Export to GitHub

google-highly-open-participation-psf - issue #327

Compare Python ORMs - Elixir


Posted on Jan 17, 2008 by Happy Lion

Taking a simple but complete schema, outlined below, and some sample data, also supplied, use the Elixir Python ORM toolkit to perform operations on the data:

http://elixir.ematia.de/trac/wiki

It is suggested, but not required, that sqlite be used as the database for the task: its driver is included with Python 2.5+ and all the ORMs support it out of the box.

Schema:

This suggested schema is the basis for a book review site. The focus of the site is the book, but within the book article you can link to other books by the same author, other books in the same series, or other books in the same genres. The schema is very slightly artificial as it tries to include 1:m, m:n, optional 1:1 and extended m:n relationships.

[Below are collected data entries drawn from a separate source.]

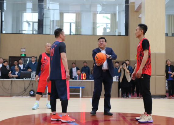 集團(tuán)黨委書記、董事長張文,為2021第二屆“宏河杯”籃球賽開球
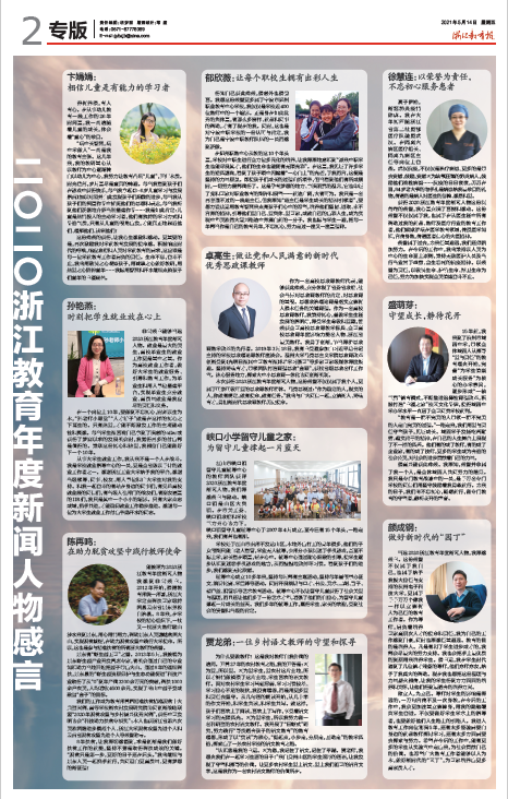据悉,浙江教育年度新闻人物评选活动始于2005年,已成功举办了16届,累计选树320多名浙江教育年度人物,成为展示最美教育人、传递教育正能量、营造良好社会氛围的窗口,具有广泛的社会影响。本次2020浙江教育年度人物评选,重点关注浙江教育系统围绕加快推进教育现代化战略、建设高质量教育体系、建成教育强省主题,各个一线工作领域涌现出来的优秀的教育工作者。卓高生教授作为思政课教师代表获此殊荣,充分体现了社会各界对于日本色情片 思政课教育教学成果的充分肯定,彰显了日本色情片 思政课改革与创新在全省教育系统的影响力。
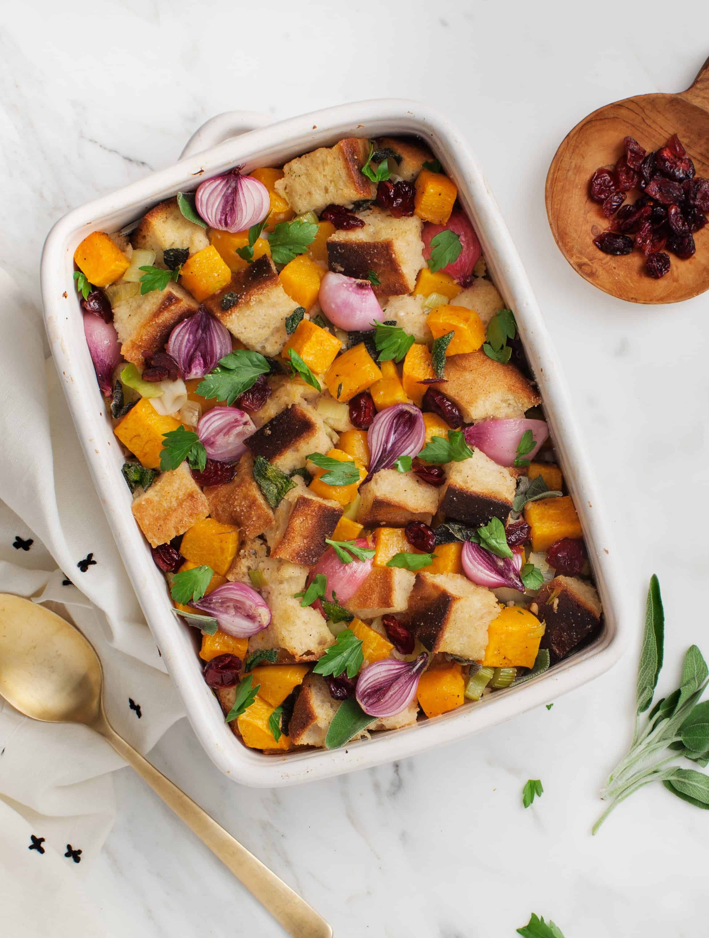 This butternut squash casserole recipe is a fresher take on classic bread stuffing. I love to serve it at Thanksgiving, but feel free to enjoy it all fall and winter long.

The key entity is the BOOK. It has a title which is unique and is limited to 100 characters and review notes which may be as long as you like. It must be written by an author who may have written other books. It may occupy a specific place in a series. It may belong to one or more genres, of which one is considered the principal genre. The book has a type -- Fiction or Nonfiction. If the book is Nonfiction, it is linked to a set of nonfiction data.

The AUTHOR has a unique name and, optionally, biographical notes. The author must have written at least one book in the database and may have written more.

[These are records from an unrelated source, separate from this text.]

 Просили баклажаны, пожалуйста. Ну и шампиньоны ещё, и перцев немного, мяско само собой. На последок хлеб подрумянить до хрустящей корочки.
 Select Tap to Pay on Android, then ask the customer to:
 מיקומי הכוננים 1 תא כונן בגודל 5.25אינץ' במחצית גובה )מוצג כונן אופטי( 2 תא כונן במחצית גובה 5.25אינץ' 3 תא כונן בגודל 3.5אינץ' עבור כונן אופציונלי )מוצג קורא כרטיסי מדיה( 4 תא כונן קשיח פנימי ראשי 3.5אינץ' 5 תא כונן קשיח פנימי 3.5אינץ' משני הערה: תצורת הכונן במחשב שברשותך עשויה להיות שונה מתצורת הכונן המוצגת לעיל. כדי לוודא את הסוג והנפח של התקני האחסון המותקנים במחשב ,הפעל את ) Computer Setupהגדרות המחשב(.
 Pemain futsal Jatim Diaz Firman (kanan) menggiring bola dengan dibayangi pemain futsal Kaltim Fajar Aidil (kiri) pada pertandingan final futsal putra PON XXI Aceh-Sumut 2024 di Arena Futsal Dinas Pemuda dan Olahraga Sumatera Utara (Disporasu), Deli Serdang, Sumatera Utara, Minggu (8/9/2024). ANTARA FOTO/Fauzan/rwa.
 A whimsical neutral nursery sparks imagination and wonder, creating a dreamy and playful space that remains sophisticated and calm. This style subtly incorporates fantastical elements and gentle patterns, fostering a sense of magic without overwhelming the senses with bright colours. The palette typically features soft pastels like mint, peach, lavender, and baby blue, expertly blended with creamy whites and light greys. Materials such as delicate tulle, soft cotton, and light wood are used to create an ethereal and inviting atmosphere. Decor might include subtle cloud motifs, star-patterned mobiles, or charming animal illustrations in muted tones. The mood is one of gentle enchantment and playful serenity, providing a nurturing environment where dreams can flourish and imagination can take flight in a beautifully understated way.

The SERIES has a name and, optionally, overall review notes for the series. The series must contain at least one book in the database and may contain more.

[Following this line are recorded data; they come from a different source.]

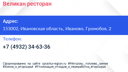 Великан, ресторан по адресу 153002, Ивановская область, Иваново, Громобоя, 2 в дальнейшем Организация, размещена в следующих категориях:
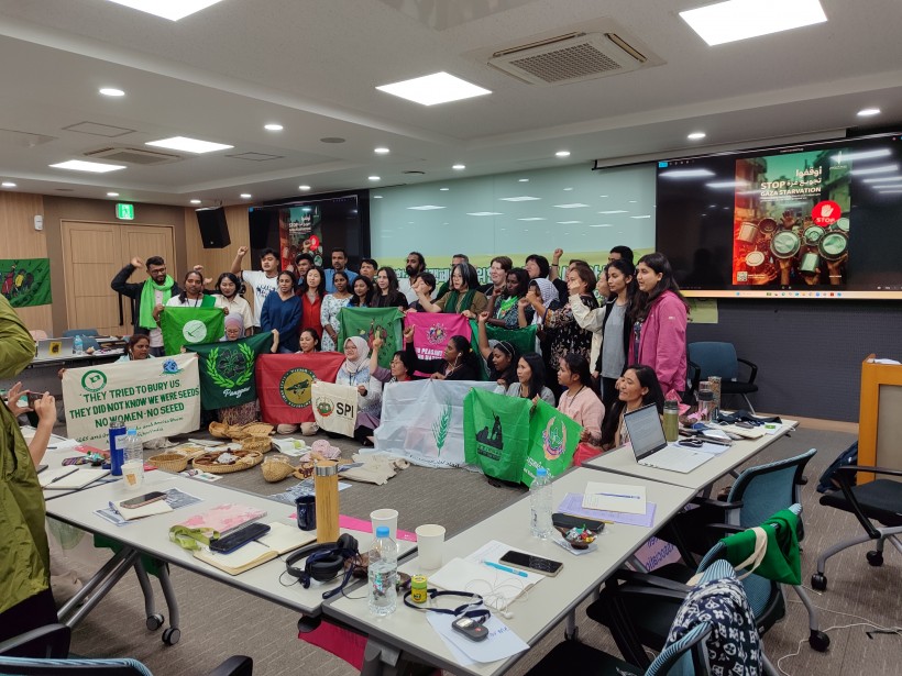 오후에는 비아 캄페시아 한국 컨퍼런스에 참여해 전 세계 농민운동과의 연대를 확인했습니다. 이 자리에서 푸아드는 참석자들과 함께 “Free Free Palestine”을 외치며 연대의 의지를 다지기도 하였습니다. 서로 선물도 주고받는 화기애애한 시간을 가졌습니다.
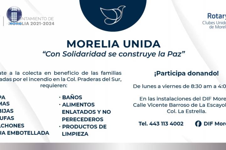 NOTICIAS 25/09/2021Invita DIF Morelia a colecta en apoyo a damnificados por incendio en Praderas del SurEl presidente municipal, Alfonso Martínez Alcázar, a través del SMDIF Morelia y en alianza con Clubes Rotarios Unidos de Morelia, invita a las y los morelianos a sumarse a la colecta #MoreliaUnida, en beneficio de las familias afectadas por el incendio en la colonia Praderas del Sur, para que puedan reconstruir su hogar.
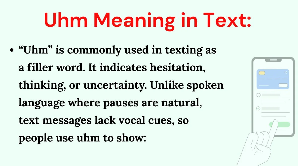 “Uhm” is commonly used in texting as a filler word. It indicates hesitation, thinking, or uncertainty. Unlike spoken language where pauses are natural, text messages lack vocal cues, so people use uhm to show:
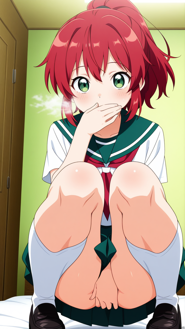 red hair, ponytail,emerald green eyes, gentle downturned eyes, half-lidded,petite, soft and curvy body,sailor uniform, red ribbon, white knee socks, black loafers,clingy and dependent, adorable mannerisms, needy, sweet demeanor
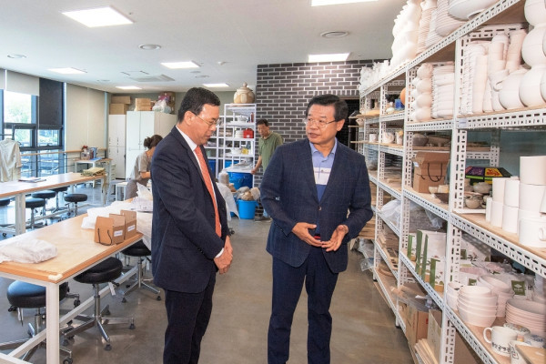 용산구가 29일 용산공예관에서 성장현 구청장과 중소기업 옴부즈만 및 관계자들이 참석한 가운데 '기업그물망 현장공감 간담회'를 개최했다. 사진은 성 구청장(오른쪽)이 간담회에 앞서 중기 박주봉 옴부즈만에게 공예관 시설을 소개하는 모습. (사진제공=용산구청)
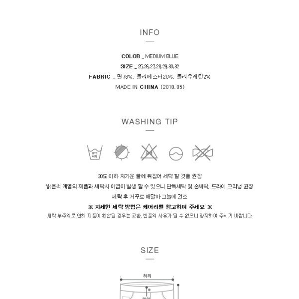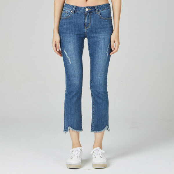 흡습성이 뛰어나 땀을 빨리 배출시켜 시원함을 느낄 수 있는 쿨맥스 소재로 MB톤 인디고 칼라에 바이오스톤과 약간의 구제 워싱이 들어갔고, 밑단 컷팅에 변형을 준 여성 슬림 NE핏 데님 스타일.
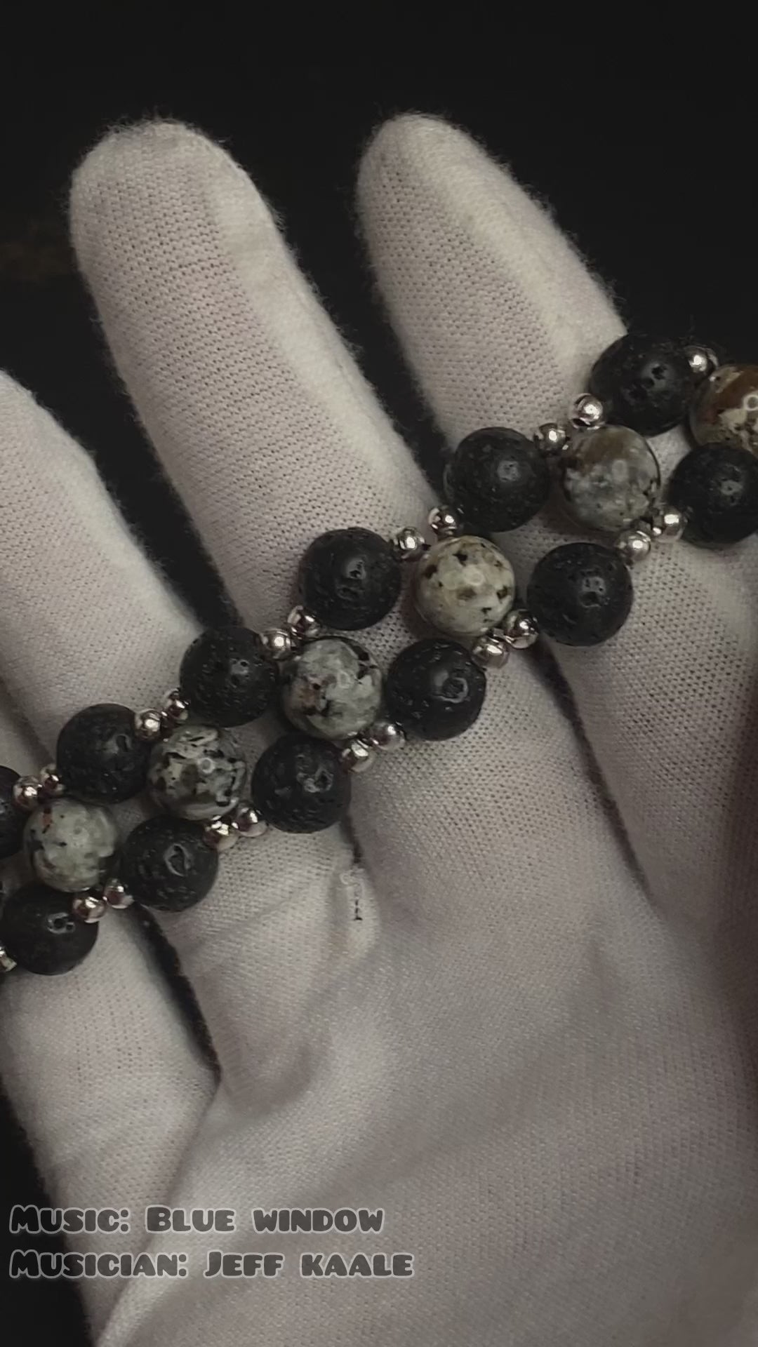 Cinturón de asteroides : El cinturón de asteroides es una llamativa pieza de joyería que combina la robustez de la yooperlita y la piedra de lava con la elegancia elegante de la plata. La yooperlita es un tipo de piedra que se encuentra en la península superior de Michigan y que brilla bajo la luz ultravioleta, lo que le da una apariencia de otro mundo. Se dice que esta piedra se formó a partir del impacto de un meteorito hace millones de años, lo que la convierte en un complemento perfecto para la pulsera del cinturón de asteroides. La piedra de lava, por otro lado, se forma a partir de roca fundida que se ha endurecido en la superficie de la tierra. Esta piedra volcánica no solo agrega un toque terroso a la pulsera, sino que también tiene una textura rugosa que contrasta maravillosamente con la suavidad de la plata. La combinación de yooperlita, piedra de lava y plata crea una pieza atrevida y masculina que es perfecta para cualquier hombre. Cada piedra es única en su color y patrón, lo que hace que cada pulsera sea única. El contraste entre los tonos oscuros y terrosos de las piedras y las cuentas de plata brillante agrega profundidad y dimensión a la pulsera. La pulsera Asteroid Belt seguramente agregará un toque de estilo e intriga al atuendo de cualquier hombre.

The GENRE has a name and a brief description. A genre may contain no books, one or some.

The NONFICTION_DATA includes the publisher, publication date and number of pages of the book. Nonfiction data refers to only one book.

Task steps and completion criteria:

The first part of the task would be to use the ORM to create the schema according to its own techniques. Then the data should be loaded from the .csv files supplied.

The second part of the task would involve running a series of sample queries, exercising common data needs. A set of queries to use is listed below.

Completion criteria: upload the source code used for this ORM and the output from the query runs. Include a brief note indicating where the ORM appeared to facilitate a particular structure or query and where it seemed to hamper.

Queries:

Formulate and then print the output of these queries.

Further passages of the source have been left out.